TASK
Each record that follows should be duplicated exactly, except for its pictures.
#### DATA SHOWN ####
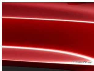
Červená Lucid unikátní metalická
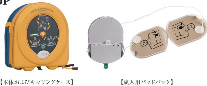
【本体およびキャリングケース】
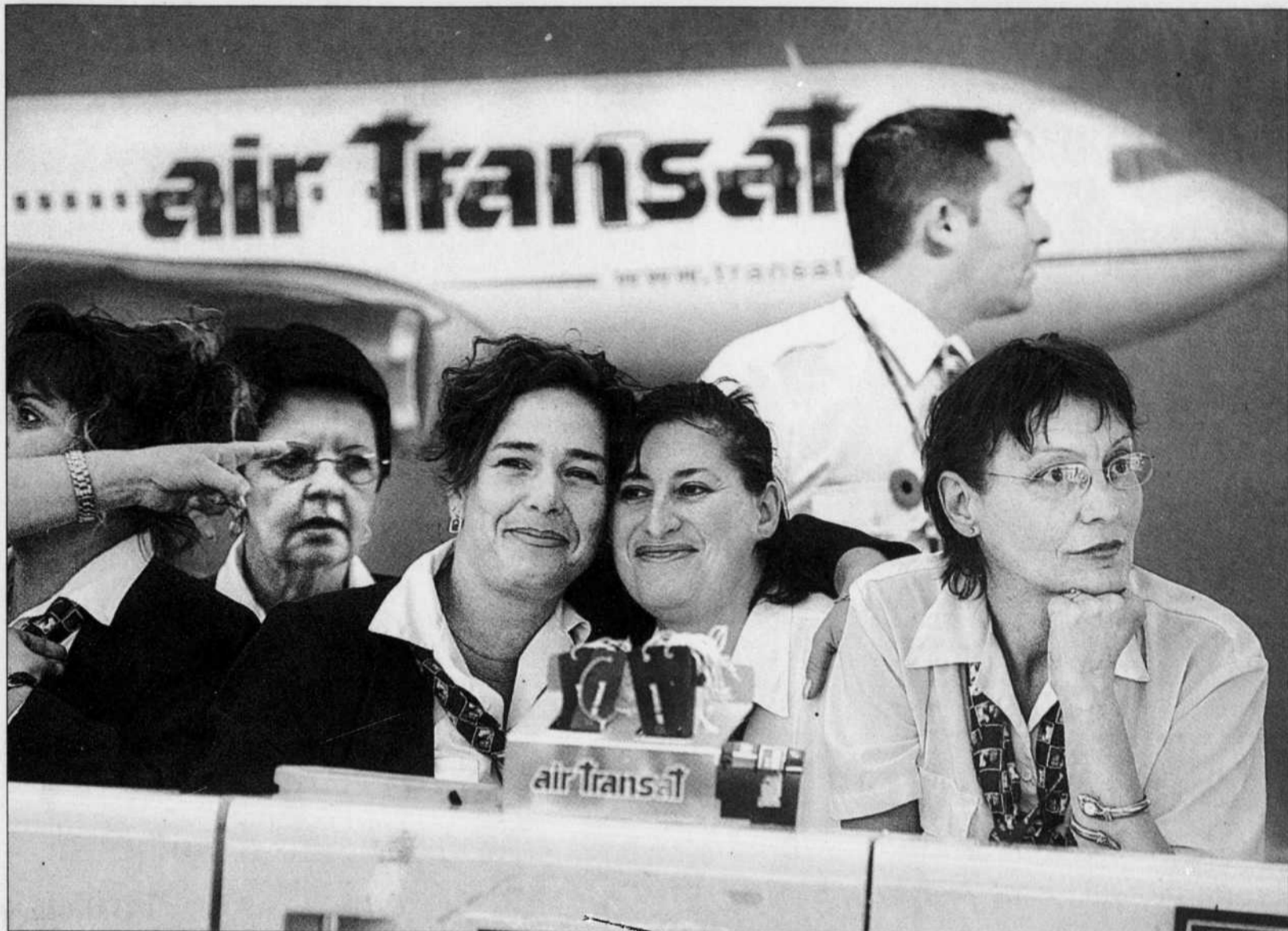
Des employés d'Air Transat lors de leur dernière journée de travail, hier, à Mirabel. À 20h55, elles sont descendues sur la piste de décollage pour saluer l'ultime vol de passagers, le TS-710, à destination de Paris.
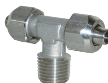
Racores de enchufe semirápido en acero inoxidable AISI 316, tubo de Ø 6 a Ø 10 mm, rosca de 1/8" a 1/2"
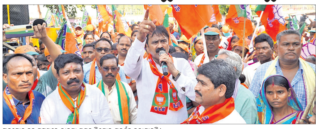
ଅନୁଗୋଳ ଲୁକ୍ତ ସମ୍ମୁଖରେ ଭାଙ୍ଗି ପକାଇବା ପ୍ରଦର୍ଶନ କରାଯାଇଛି।
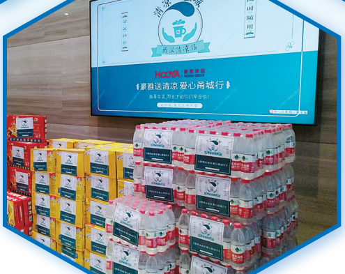
豪雅集团响应倡议“送清凉”。
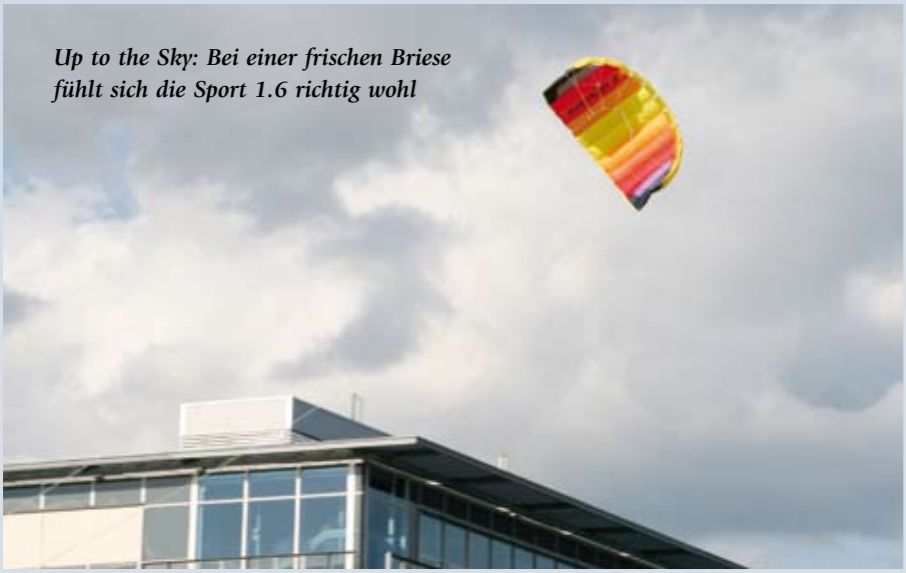
Up to the Sky: Bei einer frischen Brise fühlt sich die Sport 1.6 richtig wohl

SDD: Sie haben das Patent verkauft. Warum? Wolfgang Schimmelpfennig: Wolkenstürmer und ich haben viel Geld in den Schutz des Paraflex investiert. Diese bedurfte es eines hohen Aufwands, weil viele Firmen die Matte kopiert haben. Daher war es sinnvoll, die Rechte zu verkaufen. In Folge dessen wurde viel an der Weiterentwicklung des stablosen Lenkdrachens gearbeitet, sodass heute wesentlich leistungsstärkere als das Urmodell am Himmel zu sehen sind.
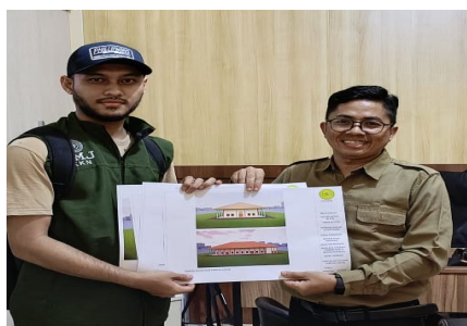
Gambar 12. Penyerahan gambar desain 2
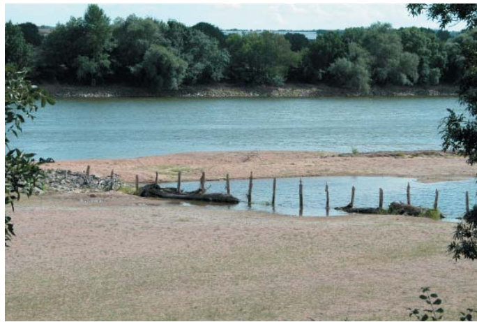
Conservatoire régional des rives de la Loire et de ses affluents, août 2004
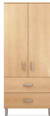
PEN7 - PEN8
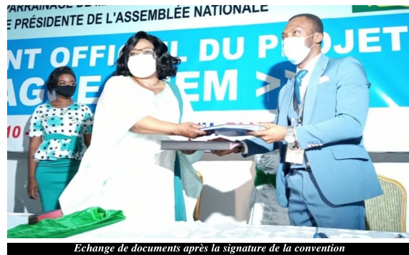
Echange de documents après la signature de la convention

Une fois rédigé, il sera présenté à un jury qui ensuite sélectionnera les 5
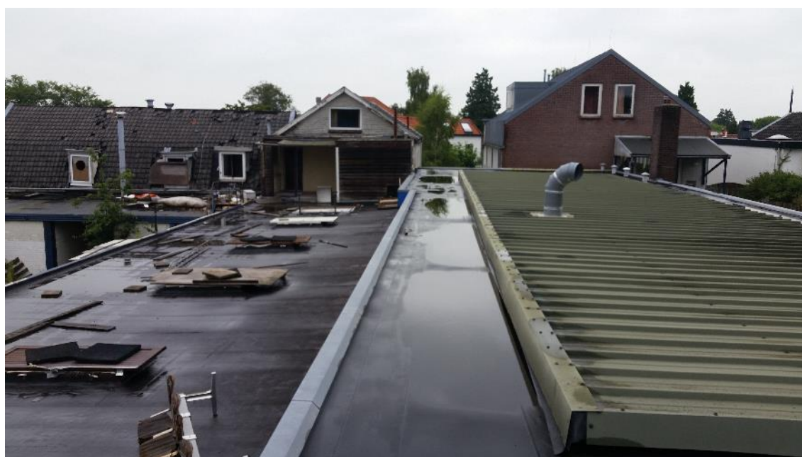
Figuur 7. Pand van bovenaf gezien. Het platte dak met bitumen dakbedekking.
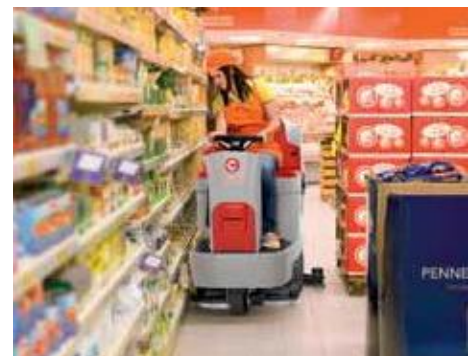
Nem udskiftning af gummi uden brug af værktøj på den eksklusive Comac svaber (Patenteret)
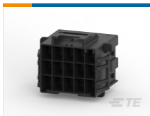
TE 产品编号 1-2232356-5 PTL 3X5 CAP PANEL MT HOT WIRE KEY A BLK
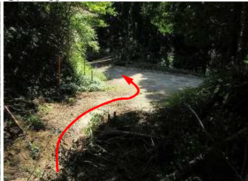
法面崩落の先にゲートが見えた。
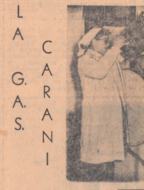
L. A. C. A. S. I.

Încheiere vorbitorului a scos în evidență faptul că activitatea științifică pe anul 1956 cuprinde
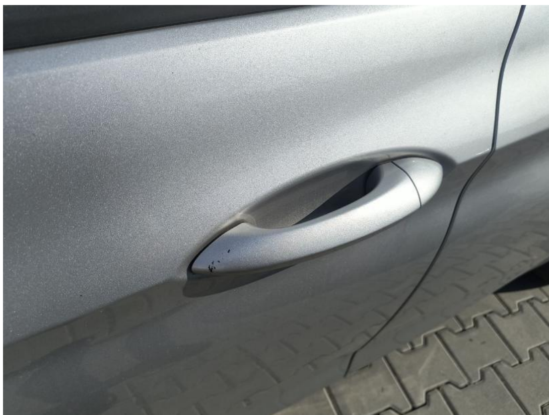
Fot. 48 Klamka drzwi prz L - zdjęcie poglądowe 1
####
RESULT OF THE EXERCISE
Červená Lucid unikátní metalická
【本体およびキャリングケース】
Des employés d'Air Transat lors de leur dernière journée de travail, hier, à Mirabel. À 20h55, elles sont descendues sur la piste de décollage pour saluer l'ultime vol de passagers, le TS-710, à destination de Paris.
Racores de enchufe semirápido en acero inoxidable AISI 316, tubo de Ø 6 a Ø 10 mm, rosca de 1/8" a 1/2"
ଅନୁଗୋଳ ଲୁକ୍ତ ସମ୍ମୁଖରେ ଭାଙ୍ଗି ପକାଇବା ପ୍ରଦର୍ଶନ କରାଯାଇଛି।
豪雅集团响应倡议“送清凉”。
Up to the Sky: Bei einer frischen Brise fühlt sich die Sport 1.6 richtig wohl

SDD: Sie haben das Patent verkauft. Warum? Wolfgang Schimmelpfennig: Wolkenstürmer und ich haben viel Geld in den Schutz des Paraflex investiert. Diese bedurfte es eines hohen Aufwands, weil viele Firmen die Matte kopiert haben. Daher war es sinnvoll, die Rechte zu verkaufen. In Folge dessen wurde viel an der Weiterentwicklung des stablosen Lenkdrachens gearbeitet, sodass heute wesentlich leistungsstärkere als das Urmodell am Himmel zu sehen sind.
Gambar 12. Penyerahan gambar desain 2
Conservatoire régional des rives de la Loire et de ses affluents, août 2004
PEN7 - PEN8
Echange de documents après la signature de la convention

Une fois rédigé, il sera présenté à un jury qui ensuite sélectionnera les 5
Figuur 7. Pand van bovenaf gezien. Het platte dak met bitumen dakbedekking.
Nem udskiftning af gummi uden brug af værktøj på den eksklusive Comac svaber (Patenteret)
TE 产品编号 1-2232356-5 PTL 3X5 CAP PANEL MT HOT WIRE KEY A BLK
法面崩落の先にゲートが見えた。
L. A. C. A. S. I.

Încheiere vorbitorului a scos în evidență faptul că activitatea științifică pe anul 1956 cuprinde
Fot. 48 Klamka drzwi prz L - zdjęcie poglądowe 1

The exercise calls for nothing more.